Василий Звягинцев - Фазовый переход. Том 2. «Миттельшпиль»
Господа Ньюмен и Грин за предложенные блага потребовали не как Мефистофель бессмертную душу, а всего лишь искреннюю, честную и с приложением всех сил (которых уже начало заметно прибавляться) помощь в переустройстве существующего на Земле политического и финансового миропорядка.
Сам Сарториус спешил возродить на планете новое средневековье и неофеодализм, да ещё и успеть пожить при этом строе. «Таинственные незнакомцы»[136] собирались учинить нечто другое, но быстрый умом магнат в мгновенном озарении тут же сообразил, что конечный результат их проекта будет не слишком отличаться от его собственных планов.
Последние дни он в основном занимался исполнением полученных от Ньюмена и Грина инструкций, касающихся, так сказать, приведения в «полную боевую готовность» всех подконтрольных Сарториусу и его «Системе» структур в США и за их пределами. Нужно было сделать так, чтобы приказы, которые начнут поступать вскоре, исполнялись мгновенно и без всяких ненужных вопросов. Какими бы дикими эти приказы и распоряжения ни казались исполнителям – людям отнюдь не последним в этом мире. Причём им было нужно дать понять, что любые попытки саботажа или просто промедления закончатся настолько плохо, что и самого закоренелого негодяя и подонка оторопь возьмёт.
Проще говоря, все зависимые от Сарториуса персоны должны превратиться в енотов из рассказа Каттнера про хогбенов. Там эти еноты, должным образом загипнотизированные, сами приходят на полянку, приносят с собой дрова, разжигают костер, сами с себя сдирают шкуры и помогают друг другу устроиться жариться на вертелах.
Пока что нужную степень управляемости проявили медиамагнаты. Очередь за остальными.

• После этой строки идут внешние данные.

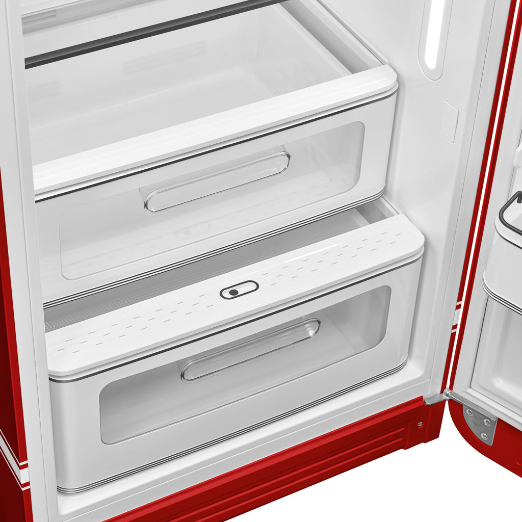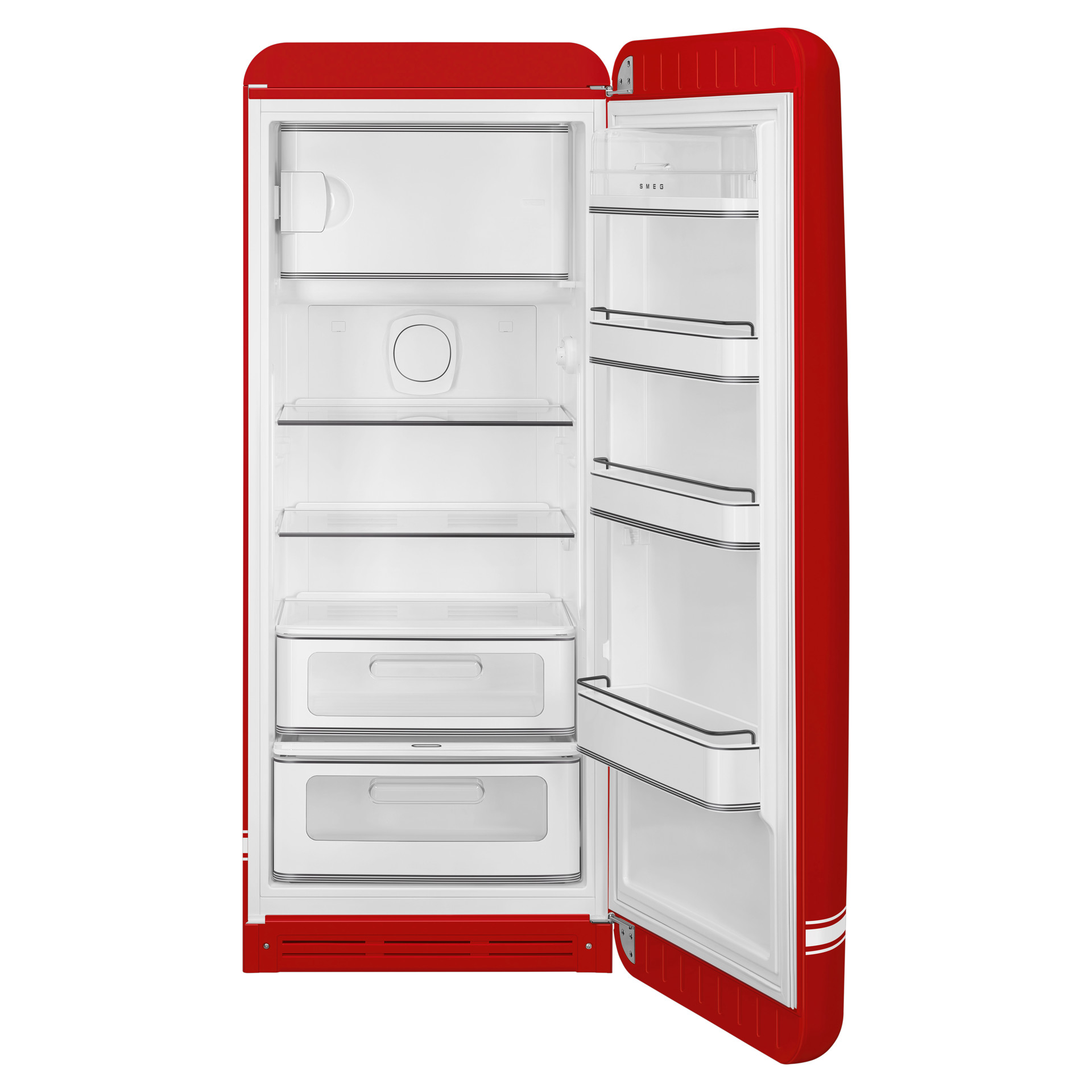 Le réfrigérateur Porsche x SMEG en rouge est un réfrigérateur de 270 litres avec un congélateur de 26 litres.

Иногда Сарториусу приходила в голову мысль: «А каковы же должны быть подлинные руководители этой, только что в открытую заявившей о себе организации?» Скорее всего людьми в полном смысле слова они, наверное, уже не являлись. Ибо представить себе «обычных людей», и при этом настолько сильных, чтобы и Ньюмен, и Грин согласились служить при них простыми исполнителями, он просто не мог. Мешали стереотипы, которые не в силах были заглушить даже способности, приобретённые в Игре.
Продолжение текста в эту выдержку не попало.